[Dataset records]
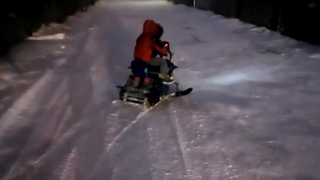 Детский электрический снегоход. Первый выезд.
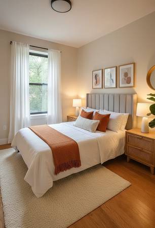 Spacious and well-appointed apartment in a modern multifamily building. Enjoy great natural light, a private garden, and convenient access to multiple subway lines.
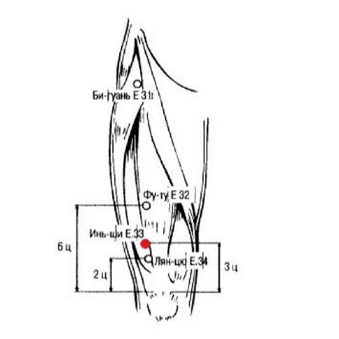 1. Название точки Инь-ши Е.33 тесно связано с ее функциями. Использование точки способствует устранению синдромов типа Инь, возникающих в результате недостатка Ци или скопления патогенного холода. Ножной ян-мин канал желудка, к которому относится точка Инь-ши Е.ЗЗ, имеет наружно-внутреннюю взаимосвязь с ножным тай-инь каналом селезенки. При нарушении функций селезенки и желудка могут возникнуть различные заболевания со свойствами недостатка Ян-Ци. Ослабление Ци селезенки может привести к нарушению водного обмена, скоплению сырости и образованию внутреннего Инь-холода. Кроме того, первичная Ци, источник которой находится в почках, также требует постоянного пополнения со стороны приобретенной Ци, что обеспечивается при помощи функциональной активности селезенки и желудка. Другими словами, при ослаблении функций селезенки и желудка может возникнуть недостаток Ян почек, ослабевает прогревающая функция почек. Таким образом, основными функциями точки Инь-ши R33 являются восполнение Ци селезенки и желудка, рассеивание холода и прогревание почек.
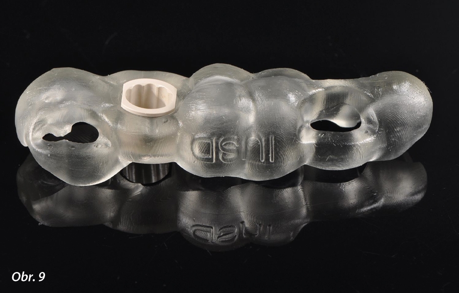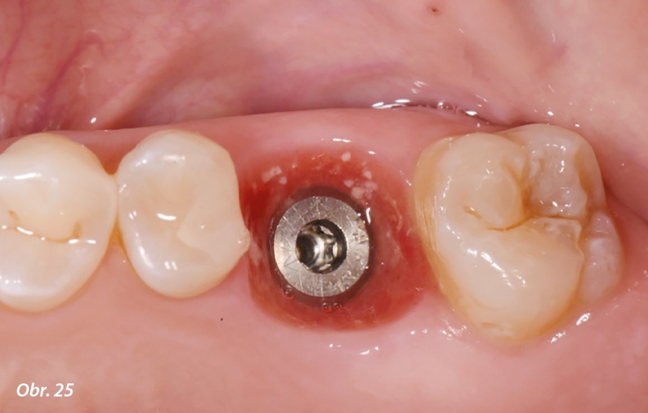 Po zavedení implantátu byl na implantát točivým momentem 15 Ncm připevněn provizorní abutment (Temporary Abutment Crown; Institut Straumann AG). Provizorní korunka vytištěná na 3D tiskárně byla upravena tak, aby plně dosedala na provizorní abutment. K upevnění provizorní korunky na provizorním abutmentu byla použita samovolně polymerující pryskyřice. Poté byla provizorní korunka z implantátu sejmuta a následně upravena a vyleštěna v zubní laboratoři. K ochraně provizorní korunky byla použita vrstva světlem polymerující pryskyřice (obr. 20–24).
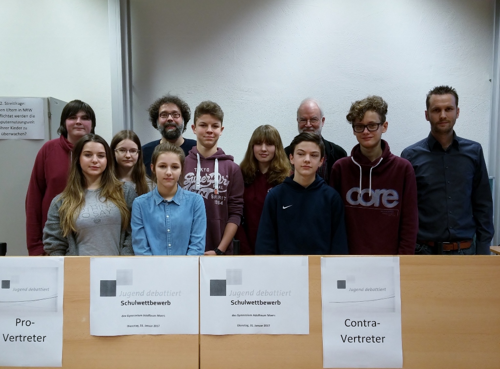 Am letzten Dienstag, dem 31. Januar 2017, stand in der 9. Jahrgangsstufe die Schulentscheidung für den politischen Wettbewerb „Jugend debattiert“ an. Vier der fünf Klassen sandten jeweils ihre zwei besten Vertreterinnen bzw. Vertreter in den Raum I27, um sich im diskursiven Schlagabtausch zu messen. Für die Klasse 9a traten Julia Weber und Ben Schwarz an, für die 9b Leonie Wallusch und David Leonhards, für die 9c Angelina Bramtchiyska und Lou Schulz und für die 9e Ines Marten und Phillip Reis.
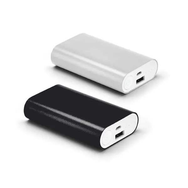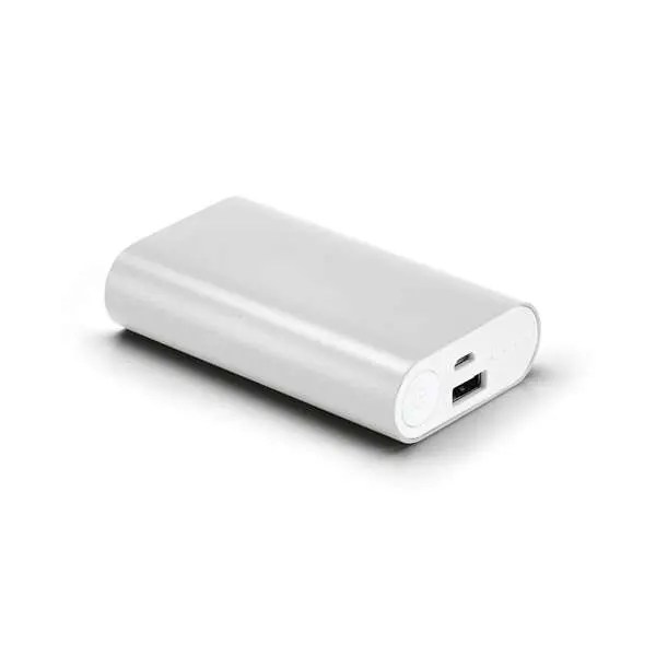 Bateria Portátil Alumínio. Bateria de lítio. Capacidade: 5.200 mAh. Tempo de vida ≥ 500 ciclos. Com entrada/saída 5V/1A. Incluso cabo USB/micro-USB para carregar a bateria. 91 x 56 x 24 mm
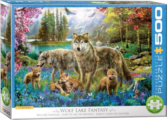 Puzzle EUROGRAPHICS Famille de loups au bord du lac, 500 pièces XL. Pièces extra grandes pour un assemblage facile, idéal pour enfants et seniors. Dimensions 67,63 × 48,89 cm.

Problem —
Only exact lines belong in the answer: those from the beginning of the entries above through the line holding "Spacious and well-appointed", with no pictures.

Exercise answer —
 Детский электрический снегоход. Первый выезд.
 Spacious and well-appointed apartment in a modern multifamily building. Enjoy great natural light, a private garden, and convenient access to multiple subway lines.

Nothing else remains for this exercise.